Input data:
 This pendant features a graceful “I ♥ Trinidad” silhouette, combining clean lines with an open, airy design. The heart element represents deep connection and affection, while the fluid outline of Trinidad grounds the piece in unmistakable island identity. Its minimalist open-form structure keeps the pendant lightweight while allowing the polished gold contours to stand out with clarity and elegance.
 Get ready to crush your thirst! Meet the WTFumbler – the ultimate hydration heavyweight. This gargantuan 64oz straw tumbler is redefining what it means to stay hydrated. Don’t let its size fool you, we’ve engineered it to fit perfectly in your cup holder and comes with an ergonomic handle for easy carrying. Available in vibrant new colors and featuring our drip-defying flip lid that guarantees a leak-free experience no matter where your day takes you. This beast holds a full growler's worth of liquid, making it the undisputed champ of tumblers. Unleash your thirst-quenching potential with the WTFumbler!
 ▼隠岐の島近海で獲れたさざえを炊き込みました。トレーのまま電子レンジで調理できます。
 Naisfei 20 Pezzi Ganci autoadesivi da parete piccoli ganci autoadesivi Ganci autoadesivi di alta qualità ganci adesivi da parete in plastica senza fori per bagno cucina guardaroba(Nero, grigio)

==

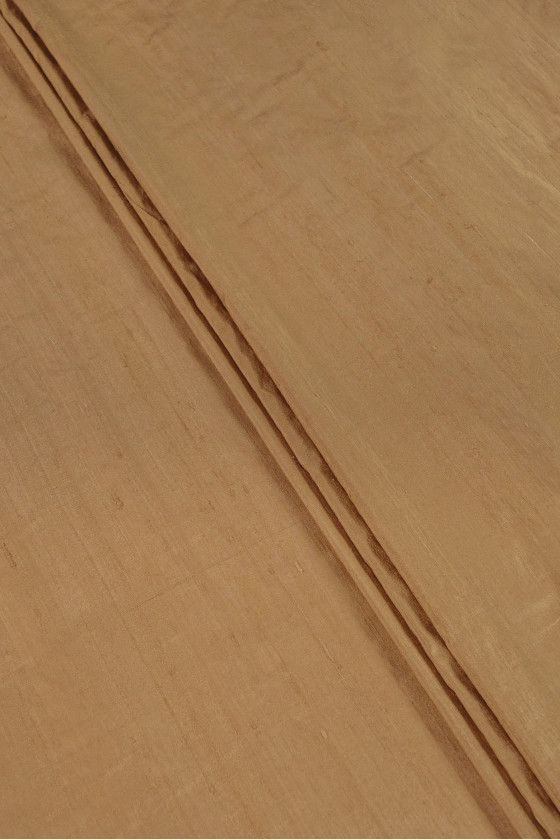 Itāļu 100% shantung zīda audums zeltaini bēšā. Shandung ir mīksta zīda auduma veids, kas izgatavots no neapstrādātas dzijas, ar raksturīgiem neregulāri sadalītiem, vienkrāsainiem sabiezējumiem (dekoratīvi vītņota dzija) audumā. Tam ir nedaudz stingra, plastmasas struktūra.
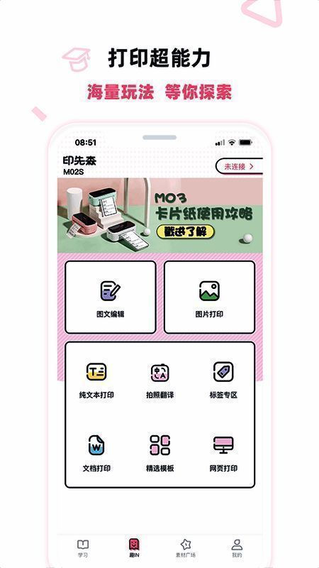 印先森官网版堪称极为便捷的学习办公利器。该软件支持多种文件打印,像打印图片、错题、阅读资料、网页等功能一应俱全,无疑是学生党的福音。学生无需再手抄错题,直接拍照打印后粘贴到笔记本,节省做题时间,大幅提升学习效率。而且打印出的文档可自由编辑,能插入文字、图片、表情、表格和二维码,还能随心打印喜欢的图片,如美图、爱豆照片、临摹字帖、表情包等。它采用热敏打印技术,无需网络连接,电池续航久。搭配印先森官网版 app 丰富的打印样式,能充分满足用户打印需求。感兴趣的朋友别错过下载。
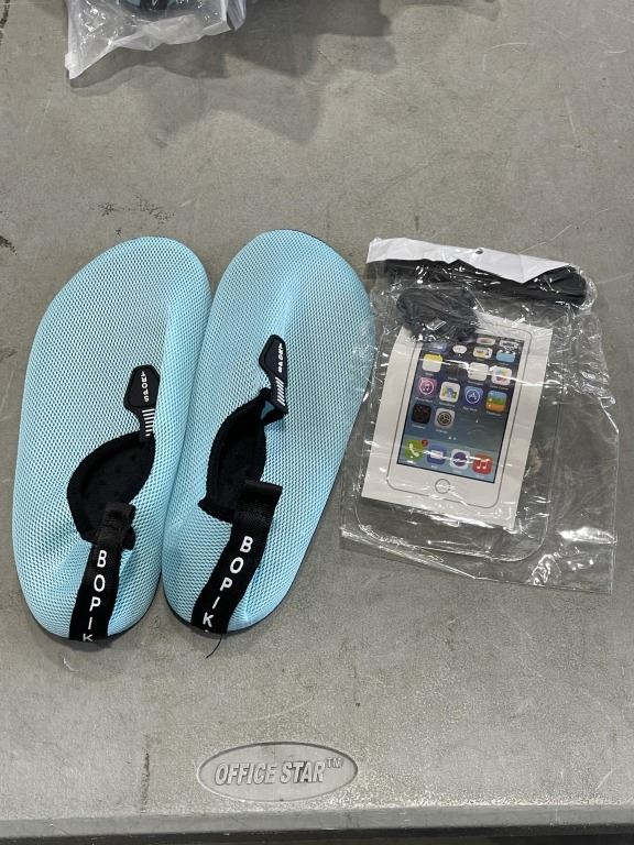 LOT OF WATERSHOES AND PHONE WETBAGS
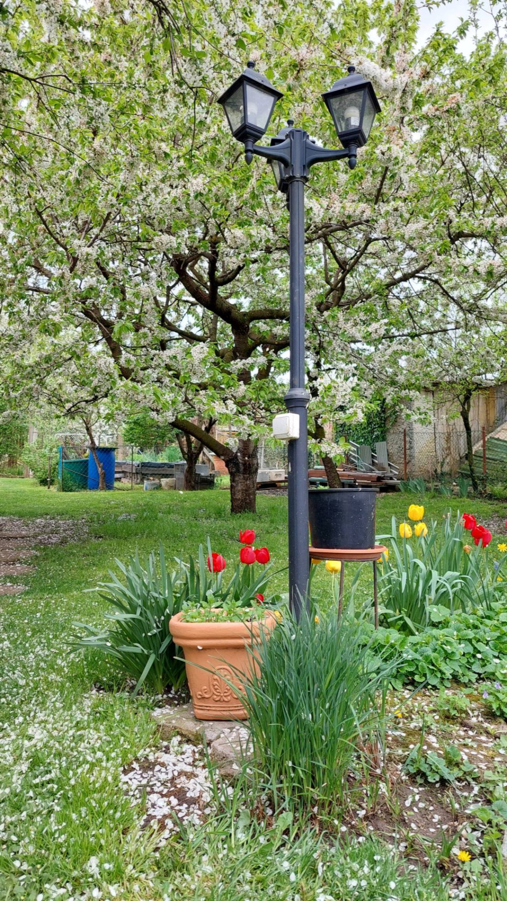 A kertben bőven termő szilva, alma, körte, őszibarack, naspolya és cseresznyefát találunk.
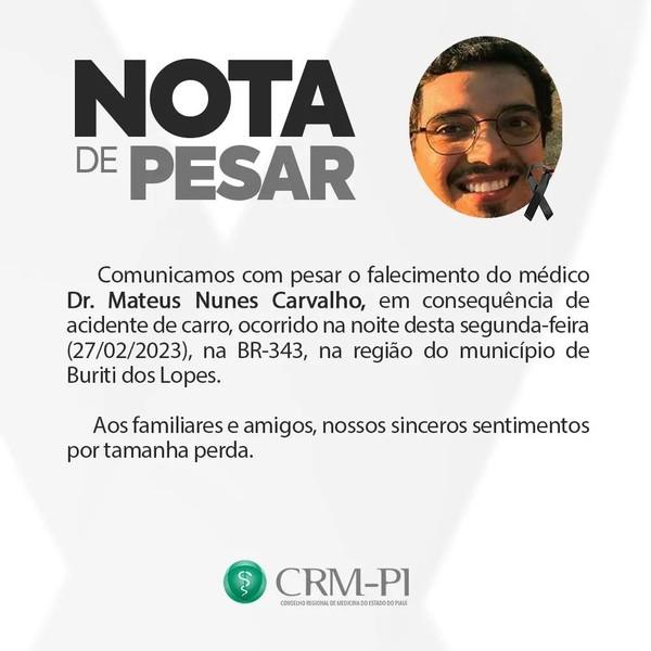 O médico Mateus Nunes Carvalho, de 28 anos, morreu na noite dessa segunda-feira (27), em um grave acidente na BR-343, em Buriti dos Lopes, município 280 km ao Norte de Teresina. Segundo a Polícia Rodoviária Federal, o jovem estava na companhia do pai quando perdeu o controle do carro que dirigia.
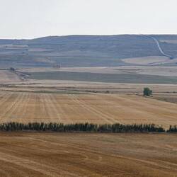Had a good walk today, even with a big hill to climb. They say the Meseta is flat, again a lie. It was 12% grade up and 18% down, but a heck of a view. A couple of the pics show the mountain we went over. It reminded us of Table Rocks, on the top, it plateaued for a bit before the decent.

* * *

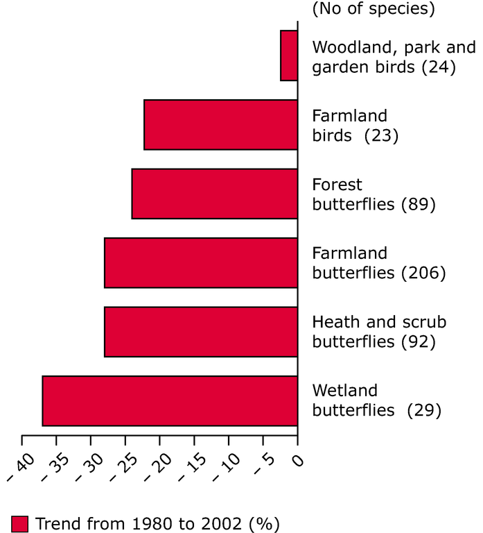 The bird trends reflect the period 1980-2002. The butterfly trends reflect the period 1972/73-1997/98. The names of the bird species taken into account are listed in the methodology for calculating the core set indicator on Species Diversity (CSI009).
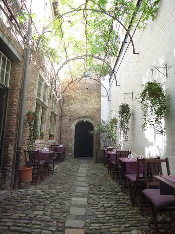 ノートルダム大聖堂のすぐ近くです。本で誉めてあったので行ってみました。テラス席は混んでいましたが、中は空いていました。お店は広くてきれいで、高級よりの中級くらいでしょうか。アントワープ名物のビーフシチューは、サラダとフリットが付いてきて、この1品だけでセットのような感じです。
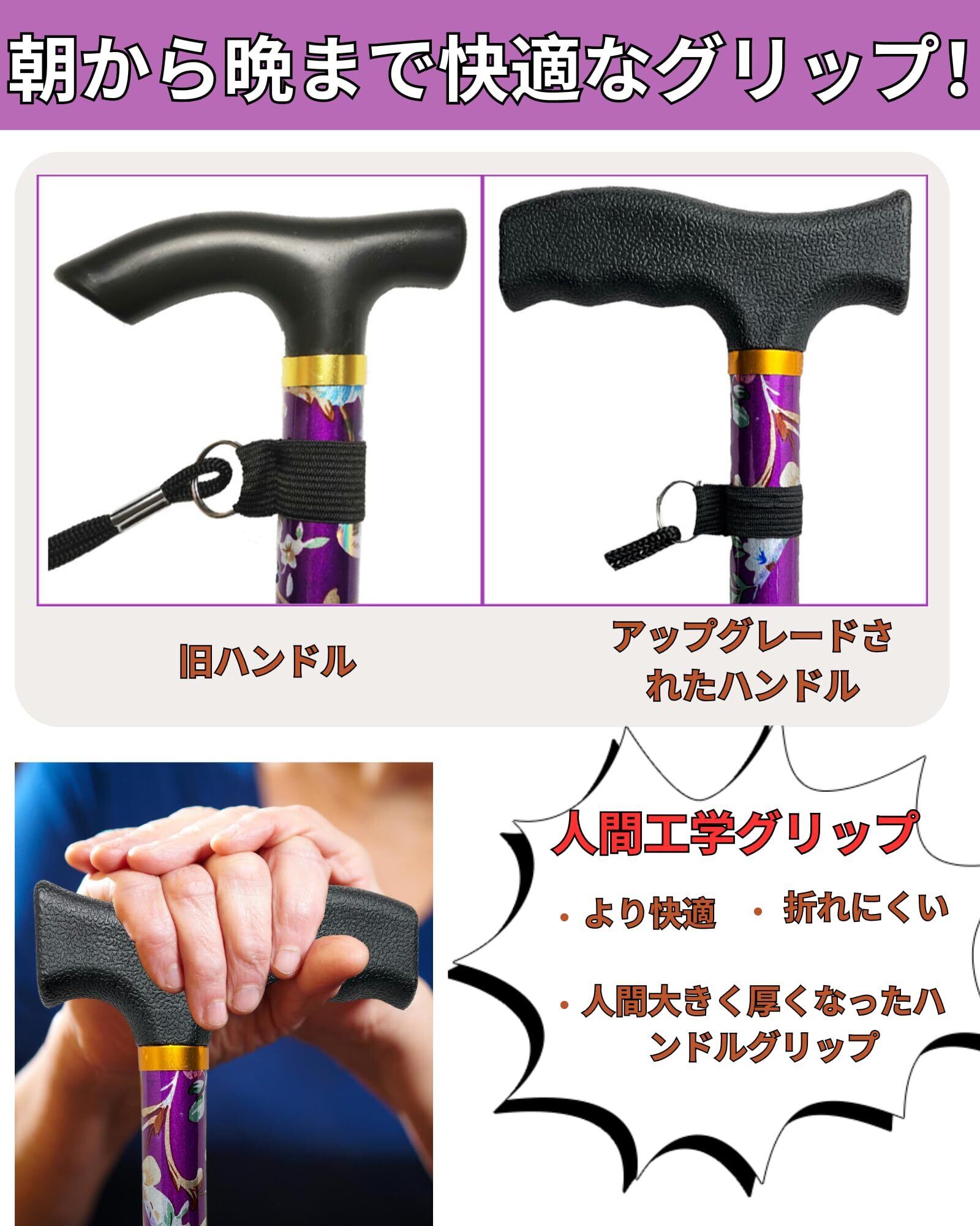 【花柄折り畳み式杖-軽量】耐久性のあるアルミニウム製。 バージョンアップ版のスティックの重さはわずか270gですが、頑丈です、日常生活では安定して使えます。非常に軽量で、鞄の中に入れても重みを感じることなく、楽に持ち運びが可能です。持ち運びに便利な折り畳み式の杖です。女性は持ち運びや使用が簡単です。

Task item: A verbatim transcription is needed of the lines above, starting at the line with "This pendant features" and ending at the line with "Naisfei 20 Pezzi", both included, and of nothing else.

Answer section:
 This pendant features a graceful “I ♥ Trinidad” silhouette, combining clean lines with an open, airy design. The heart element represents deep connection and affection, while the fluid outline of Trinidad grounds the piece in unmistakable island identity. Its minimalist open-form structure keeps the pendant lightweight while allowing the polished gold contours to stand out with clarity and elegance.
 Get ready to crush your thirst! Meet the WTFumbler – the ultimate hydration heavyweight. This gargantuan 64oz straw tumbler is redefining what it means to stay hydrated. Don’t let its size fool you, we’ve engineered it to fit perfectly in your cup holder and comes with an ergonomic handle for easy carrying. Available in vibrant new colors and featuring our drip-defying flip lid that guarantees a leak-free experience no matter where your day takes you. This beast holds a full growler's worth of liquid, making it the undisputed champ of tumblers. Unleash your thirst-quenching potential with the WTFumbler!
 ▼隠岐の島近海で獲れたさざえを炊き込みました。トレーのまま電子レンジで調理できます。
 Naisfei 20 Pezzi Ganci autoadesivi da parete piccoli ganci autoadesivi Ganci autoadesivi di alta qualità ganci adesivi da parete in plastica senza fori per bagno cucina guardaroba(Nero, grigio)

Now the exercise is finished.